The following weekend, the Fourth Annual West Neck Swim will take place at West Neck Beach on Sunday, June 28th. This highly acclaimed event offers 1-mile, 2-mile, and 5K events with both wetsuit and non-wetsuit divisions. If you’re registered for the Swim, you still have time to check out the venue and "test the waters" with the seasoned swimmers of the West Neck Pod. If you’re not registered, what are you waiting for? Visit the West Neck Swim website at westneckswim.com for details and registration link.
Next Sunday, June 21st, is also Father’s Day.

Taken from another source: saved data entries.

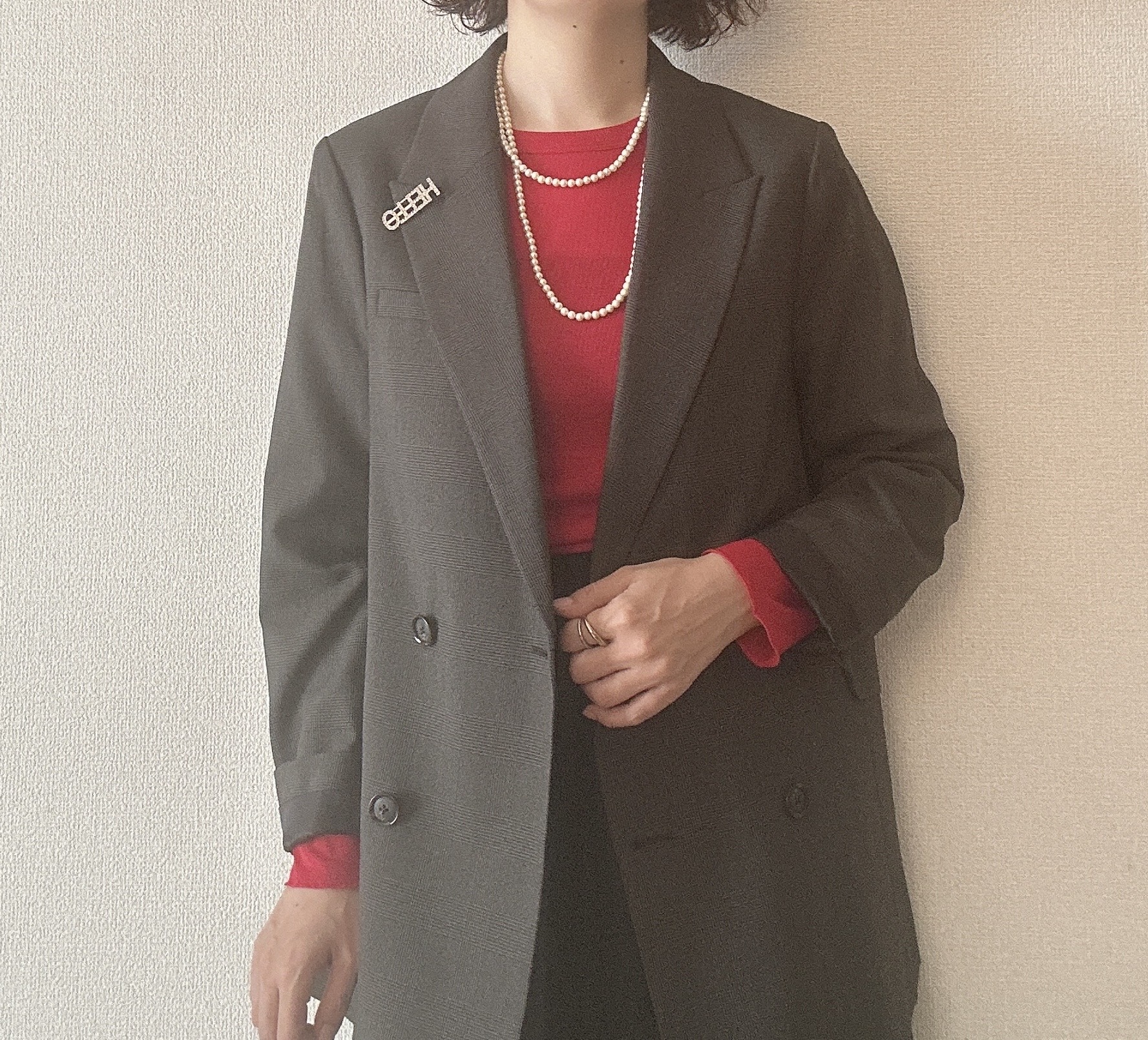 グレーの中にちらっと見える赤が、さりげなく女性らしい。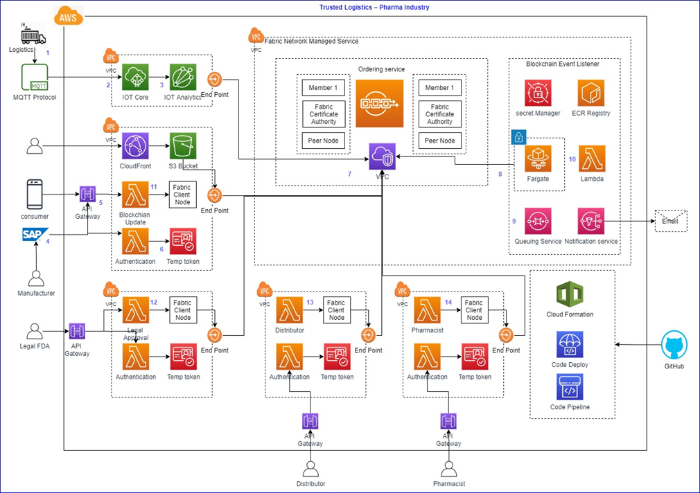 In this post, we will share an architectural reference from Capgemini for an Amazon Web Services (AWS) solution called Trusted Logistics that can help solve these problems in the pharmaceutical industry.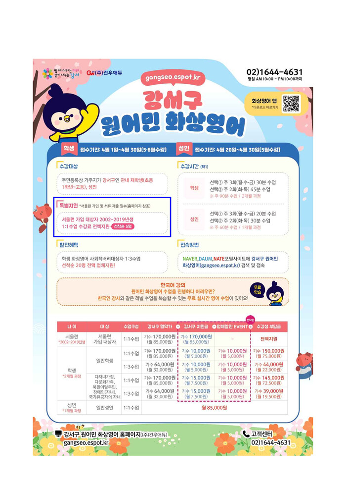 3기 수강생 모집은 4월1일부터 한 달간 진행되며, 강서구 원어민 화상영어학습 홈페이지((주)건우애듀, (주)이앤오즈)에서 회원가입 후 수강 신청하면 된다.
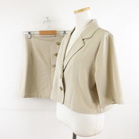 【中古】アーベーセーアンフェイス abc une face セットアップ テーラードシャツ 半袖 ミニスカート ベージュ F

Not to be a downer, but on Father’s Day 2010 I was nearly chummed by a speeding motorboat as I swam towards the south buoy with a bunch of fellow swimmers (see my blogpost at http://thewater-blog.blogspot.com/2010/06/happy-fathers-day.html?m=0). That close call (I mean, close: I could read the serial number on the boat’s Evinrude motor as the boat driver swerved to avoid me at the last possible second!) ultimately led me to discover and purchase the "SaferSwimmer" flotation buoy from the International Swimming Hall of Fame, which they developed to help protect open-water swimmers from boats and other hazards in the open water. Now, five years later, nearly 100 West Neck Pod swimmers have purchased "floaty-bags," which you can see dotting the surface of the water virtually any day at any time! That’s my long-winded and roundabout way of wishing everyone a Happy Father’s Day, and of doing my part to help ensure that those among us who are fathers, or who have or had fathers, always come home....

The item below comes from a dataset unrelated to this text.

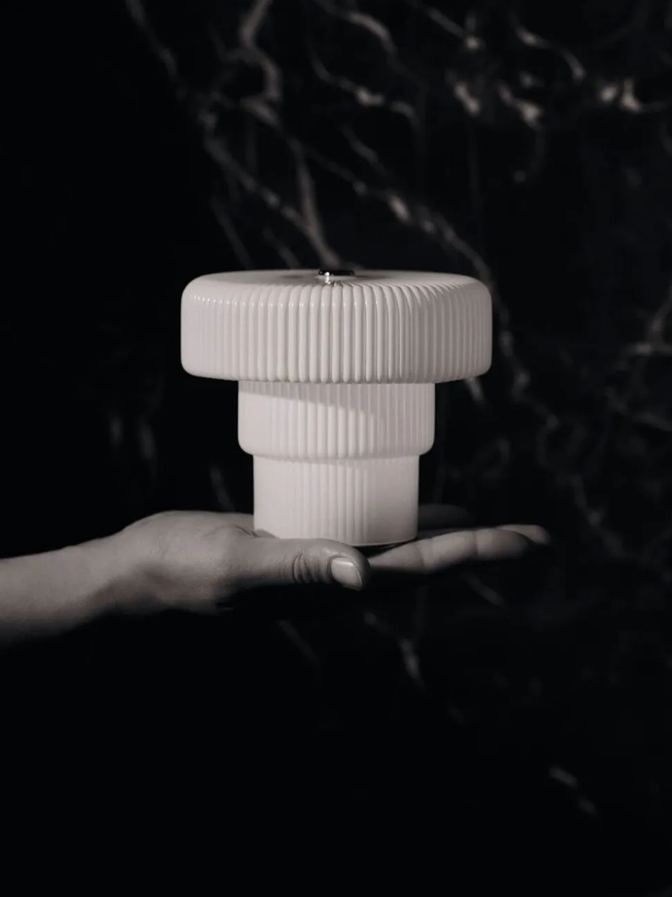 Kast et blødt lys over dit rum med den bærbare Ripple lampe. Den er fremstillet af mundblæst glas med en riflet overflade og hvid opal finish og kaster et varmt, diffust lys. Med tre lysstyrker er det kompakte design perfekt til intime aftener eller til at skabe stemning omkring et bord.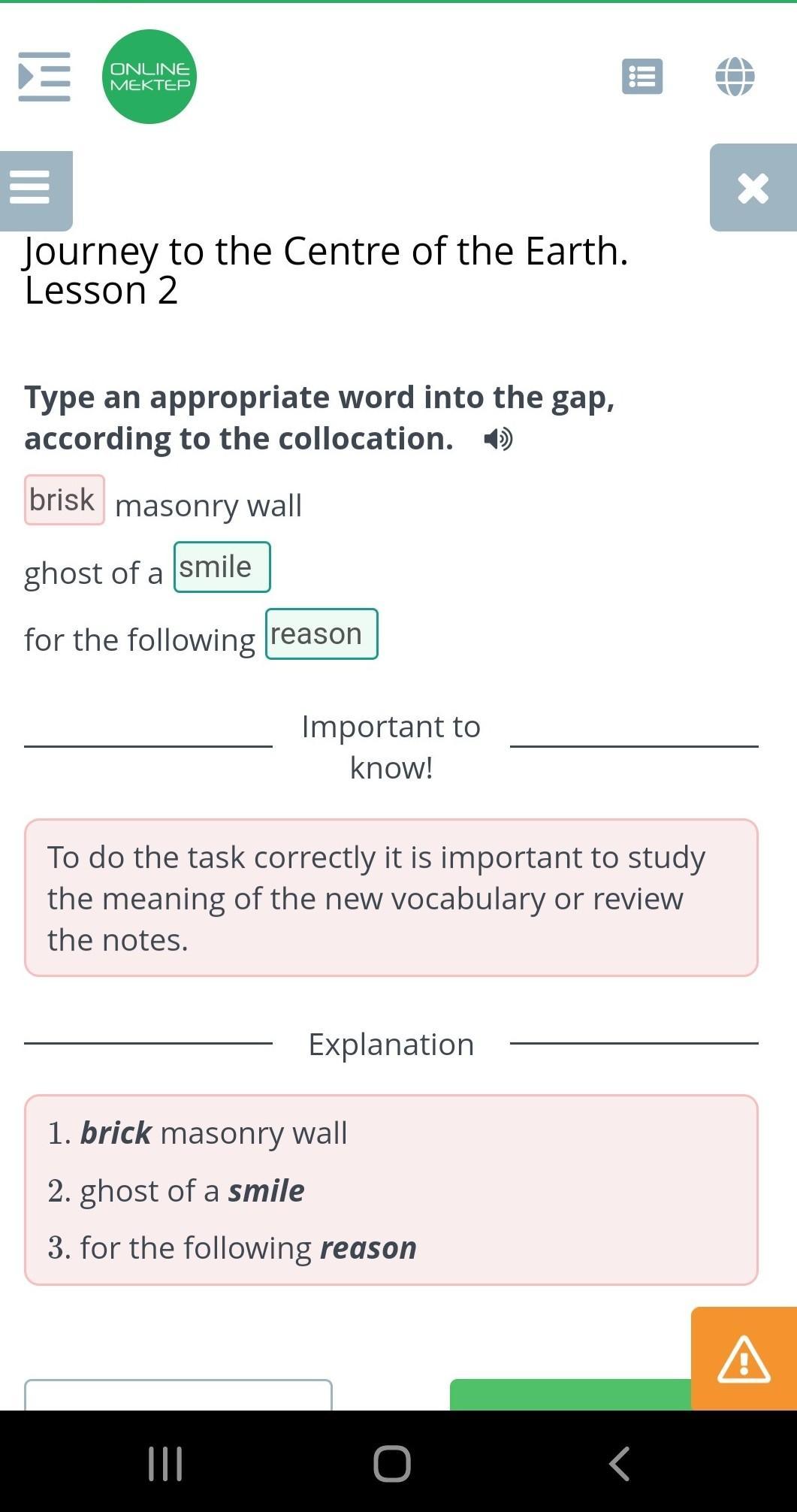 Type an appropriate word into the gap, according to the collocation.

Speaking of families, all of us in the West Neck Pod family have friends, family members, colleagues or co-workers who have been affected by cancer in some way, or are themselves cancer survivors. That’s why for the fourth year in a row, the West Neck Pod is participating in the annual "Sound-to-Cove" Swim Across America to raise funds for local cancer research. Last year "Team West Neck Pod" raised more than $38,000.00 to fund the cancer research and treatment and family-support efforts of institutions and agencies right here in our own backyard, including Cold Spring Harbor Research Laboratory right across the harbor. This year, Tony Alizzi will be our Team Captain, and I urge you to join our team and help your fellow swimmers raise money to fight cancer, stroke by stroke by stroke. For more information about the Sound to Cove Swim (at Morgan Park in Glen Cove on Saturday, August 8th, follow this link: http://www.swimacrossamerica.org/site/TR/OpenWater/NassauSuffolk?pg=entry&fr_id=3383
To register as a member of Team West Neck Pod, follow this link: http://www.swimacrossamerica.org/site/TR/OpenWater/NassauSuffolk?pg=entry&fr_id=3383
For more information, contact Tony Alizzi at firstname.lastname@example.org.

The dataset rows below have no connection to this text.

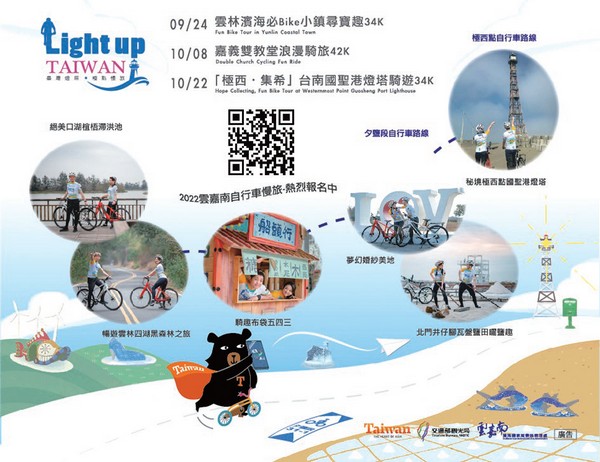 首場9/24的「雲林濱海必Bike小鎮尋 寶趣-34K」,從口湖遊客中心出發,以 「尋寶濱GO卡」集章方式騎遍雲林口湖、 四湖打卡勝地;10/8的「嘉義雙教堂浪 漫騎旅-42K」,以幸福氛圍完成1日雙教 堂(高跟鞋教堂及水晶教堂);壓軸登場 的10/22「台南極西.集希國聖港燈塔騎 遊-34K」活動,國聖港燈塔在交通部航 港局今(2022)年積極重建,呈現新舊交 融的獨特生命力,搭配「勇敢追夢-比基尼 辣妹自行車團」輪耀集希燈塔,象徵燈塔 旅遊正式啟動。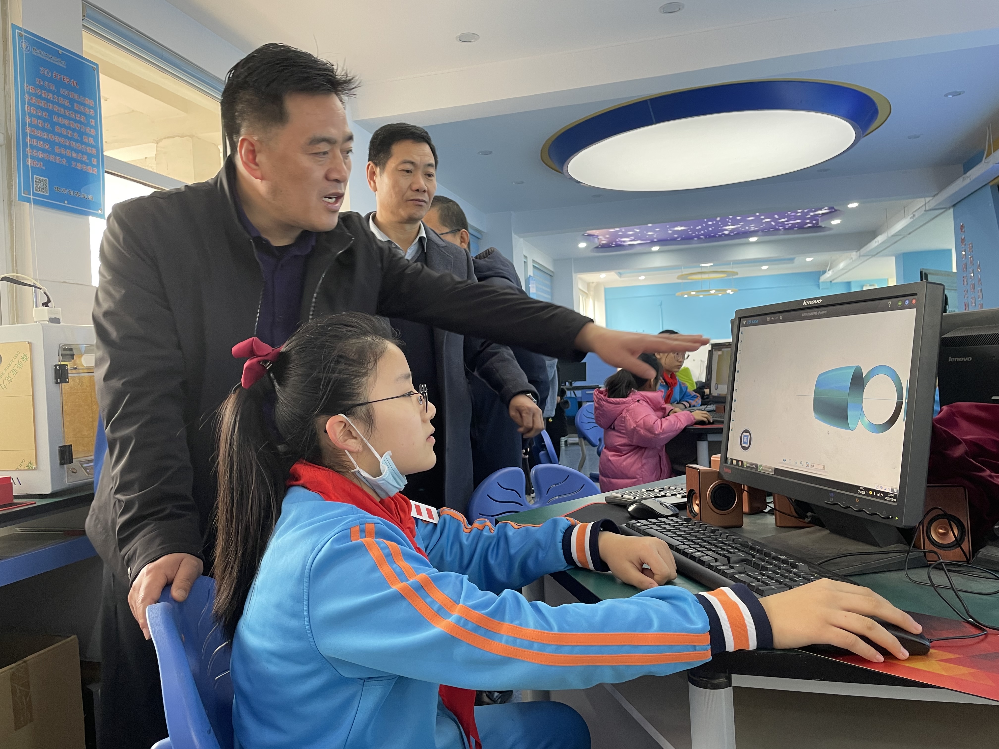 與會(huì)人員在徐校長(zhǎng)的帶領(lǐng)下還參觀了我校的少年科學(xué)院,實(shí)地觀摩了我校3D打印、機(jī)器人、人工智能編程、航模俱樂(lè)部等特色科技課程,學(xué)生們出色的表現(xiàn)給大家留下了深刻印象;看到少科院的榮譽(yù)墻,大家對(duì)我校銀河之星少科院所取得的成績(jī)連連稱(chēng)贊。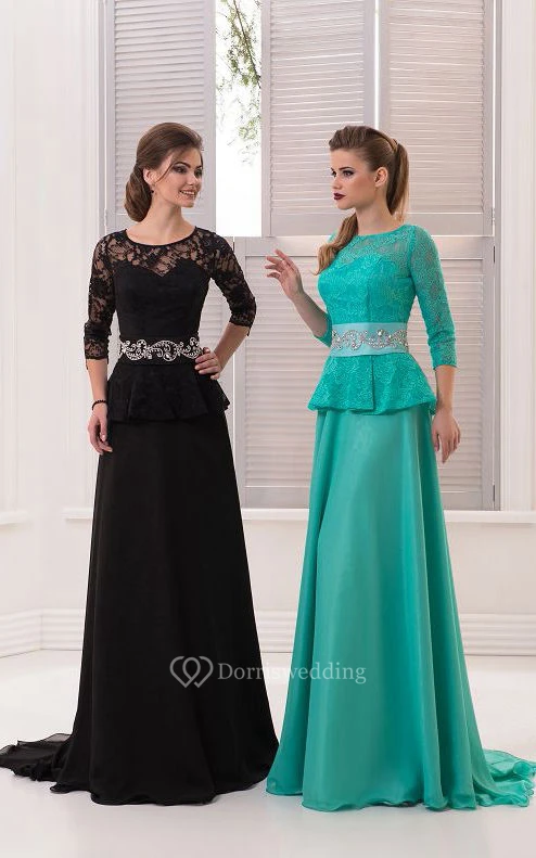 A-Line Sweep Jewel 3 Chiffon Crystal Detailing Ruffles Zipper Dress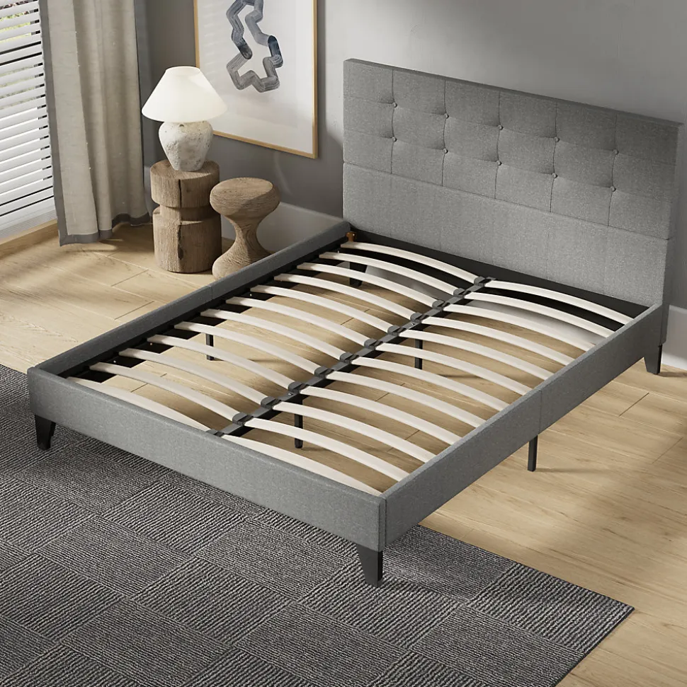 November Sleep Lit 140×190 cm avec tête de lit tissu gris

See you in the Summer Salt!
DISCLAIMER: Open-water swimming is inherently dangerous. Open-water swimmers risk drowning, hypothermia, hyperthermia, heart attacks, panic attacks, cramping, jelly fish stings, fish bites, boat or jet-ski collisions, collisions with floating or submerged objects (including other swimmers), and other calamities that can be injurious, disabling or fatal! The "West Neck Pod" is an informal association of open-water swimmers who swim "outside the lines" with no lifeguard protection, it has no formal membership, organizational structure or legal identity, and its participants, including the author of this blog, make no representations and assume no liability with respect to its group open-water swims. All swimmers who participate in West Neck Pod group open-water swims do so at their own risk. Be careful out there!